== Segment start ==

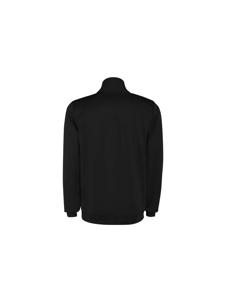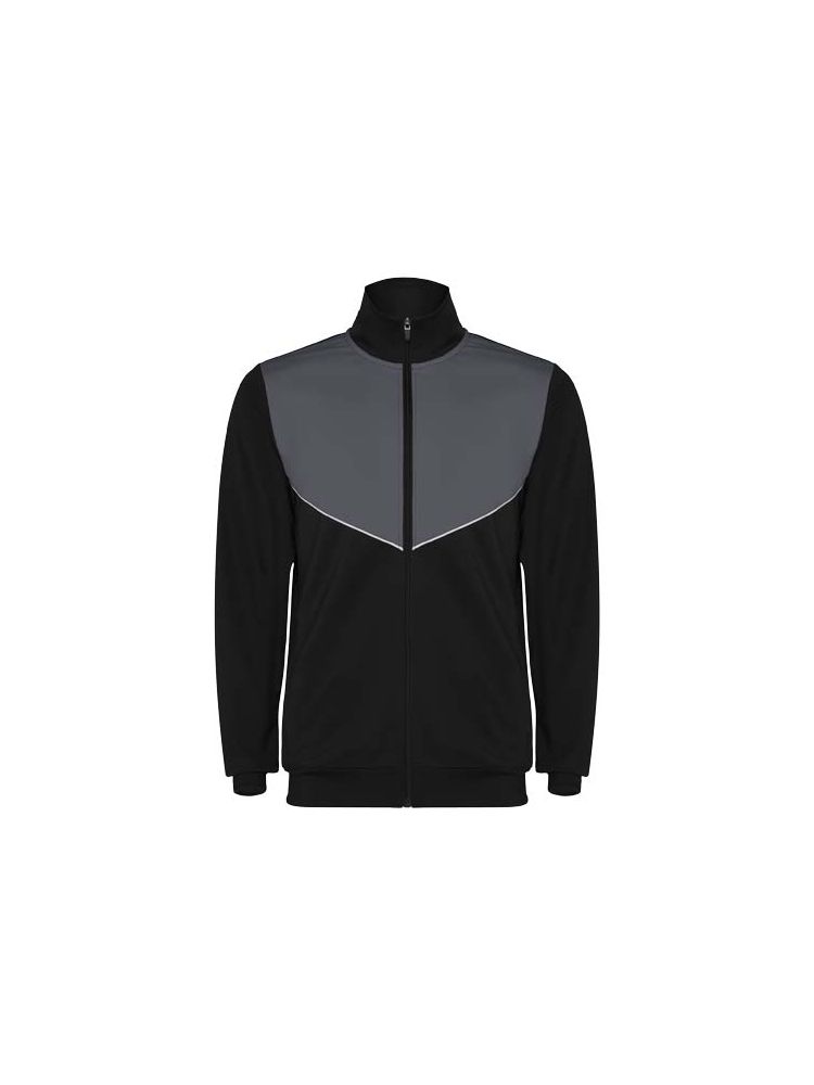 Dres z lekkiego i elastycznego materiału. Kurtka w kontrastowym kolorze z przeszyciami na klatce piersiowej. Wysoki kołnierz z kontrastowymi szwami. Zamek błyskawiczny z przodu na środku. Boczne kieszenie. Mankiety i talia wykończone ściągaczem 2×2. Spodnie z gumką w pasie i sznurkiem. Kontrastująca część z boku nogawki wykończona lamówką. Zamek błyskawiczny na dole nogawek.
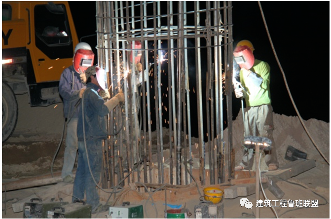 5、钢筋笼在入孔后,与上部钢筋连接采用单面焊接,焊接好以后,禁止马上放入孔中,要等钢筋冷却1分钟后在放入孔中。
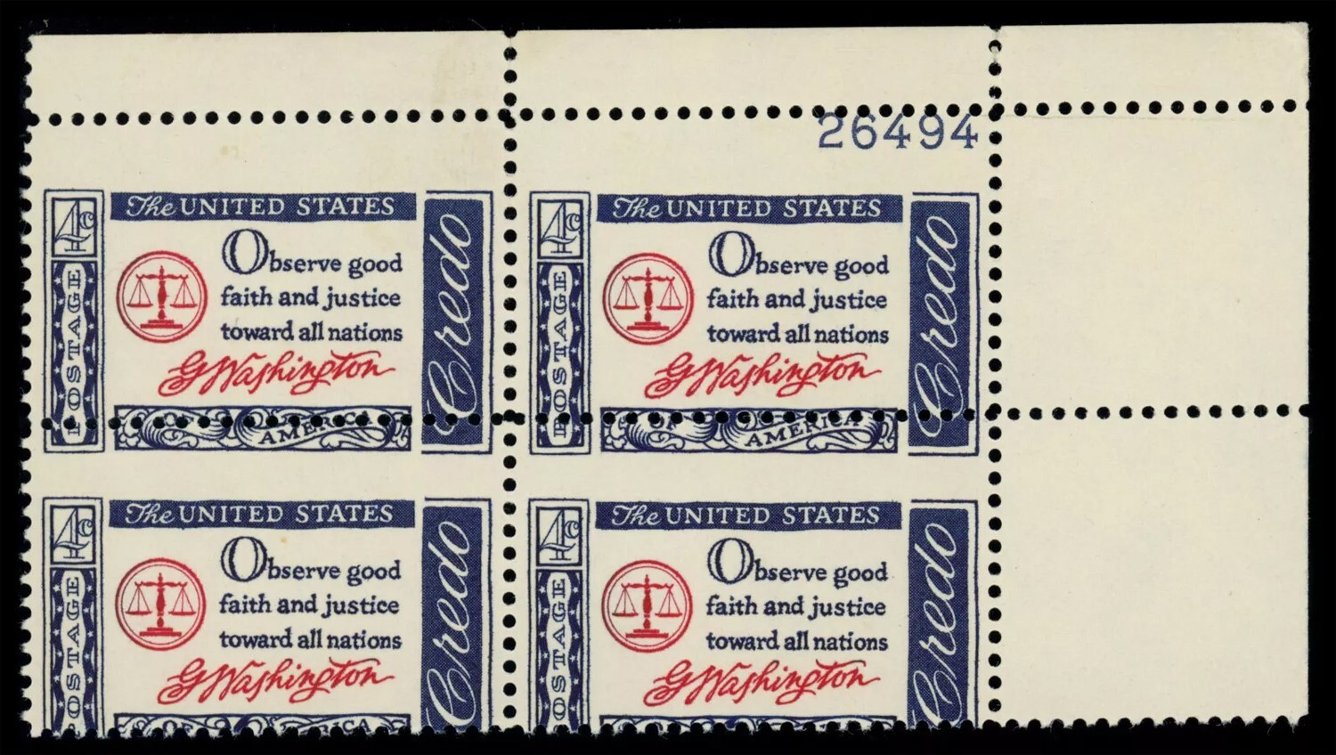 1139, MNH 4¢ - Misperfed Error PL# Captured Plate Block * Stuart Katz
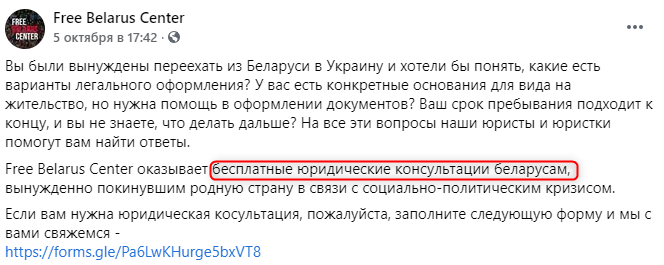 Также центр оказывает бесплатные юридические консультации белорусам, бежавшим от Лукашенко. Что также недешевое удовольствие.
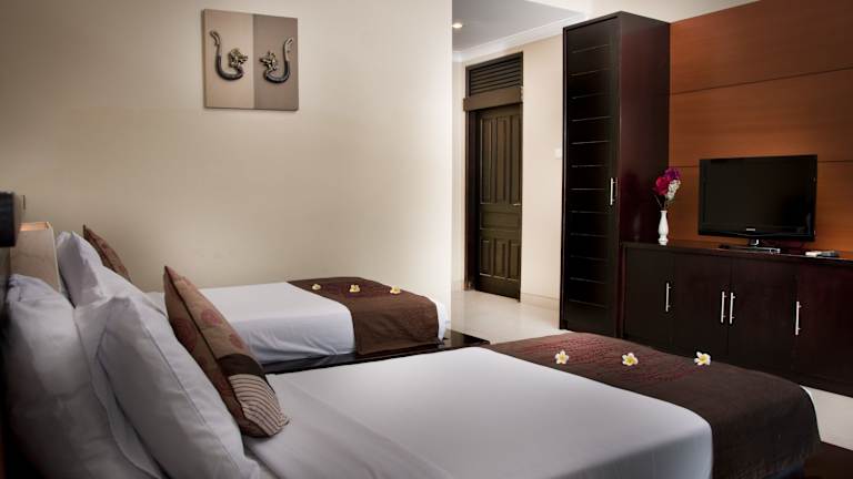 Die Zimmer im Puri Sindhu Mertha Suite sind gemütlich eingerichtet und verfügen über einen Flachbild-TV und ein eigenes Bad mit einer eingelassenen Badewanne. Die Teakholzmöbel verleihen den Zimmern eine warme und einladende Atmosphäre. Jedes Zimmer ist zudem mit einer Klimaanlage und einem Minikühlschrank ausgestattet.
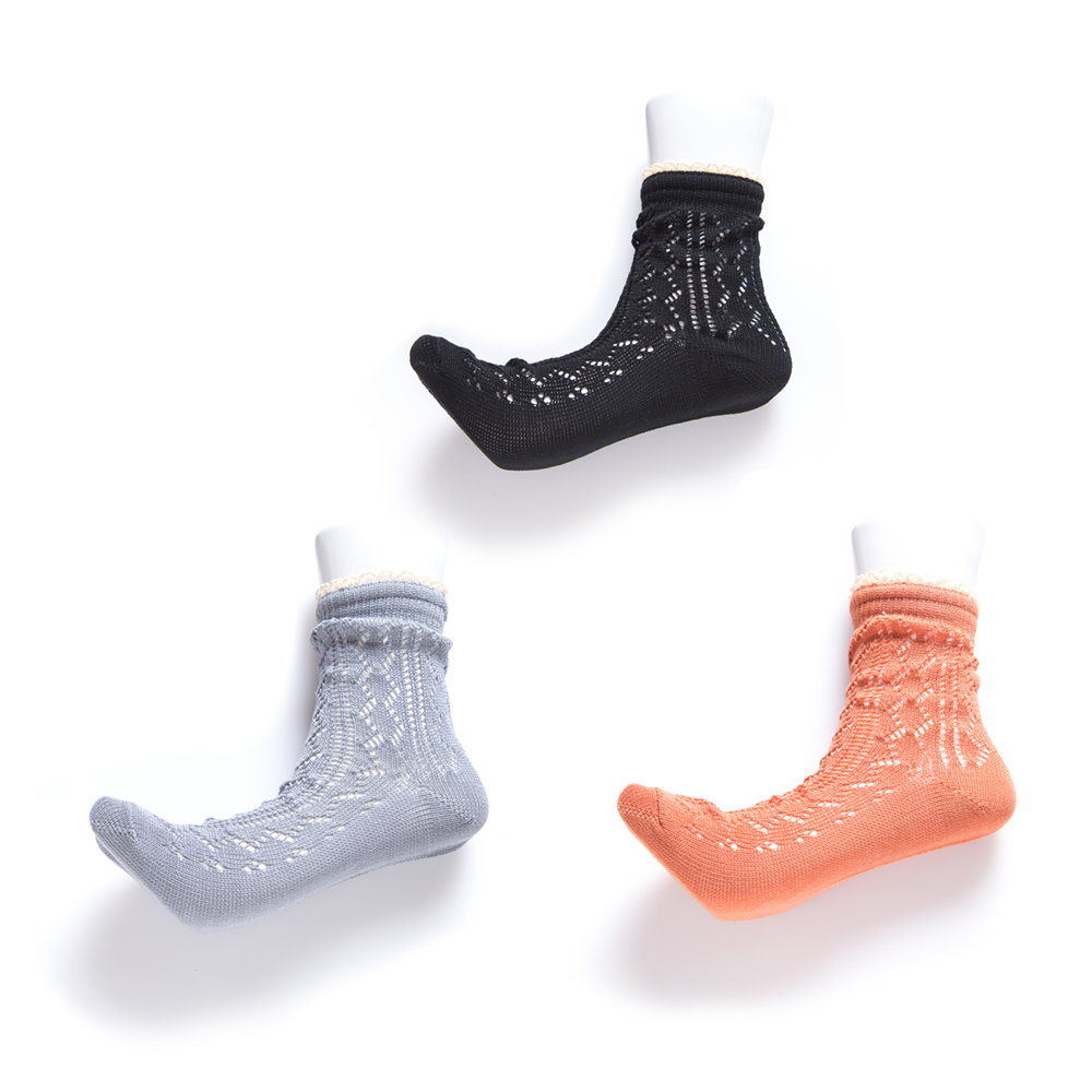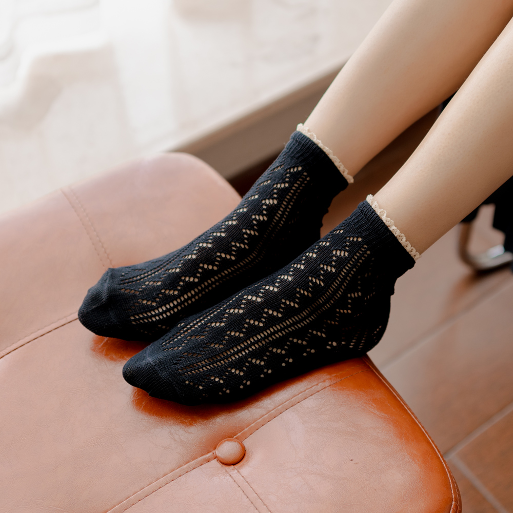 钱小姐高品质春夏薄款百棉女士袜子镂空高含棉百搭小蕾丝装饰出口

== Segment end ==

## [Task directions]
Please return, exactly and with pictures omitted, the lines from the line holding "Die Zimmer im" through the end of the data above, inclusive.

## [Response to the task]
 Die Zimmer im Puri Sindhu Mertha Suite sind gemütlich eingerichtet und verfügen über einen Flachbild-TV und ein eigenes Bad mit einer eingelassenen Badewanne. Die Teakholzmöbel verleihen den Zimmern eine warme und einladende Atmosphäre. Jedes Zimmer ist zudem mit einer Klimaanlage und einem Minikühlschrank ausgestattet.
 钱小姐高品质春夏薄款百棉女士袜子镂空高含棉百搭小蕾丝装饰出口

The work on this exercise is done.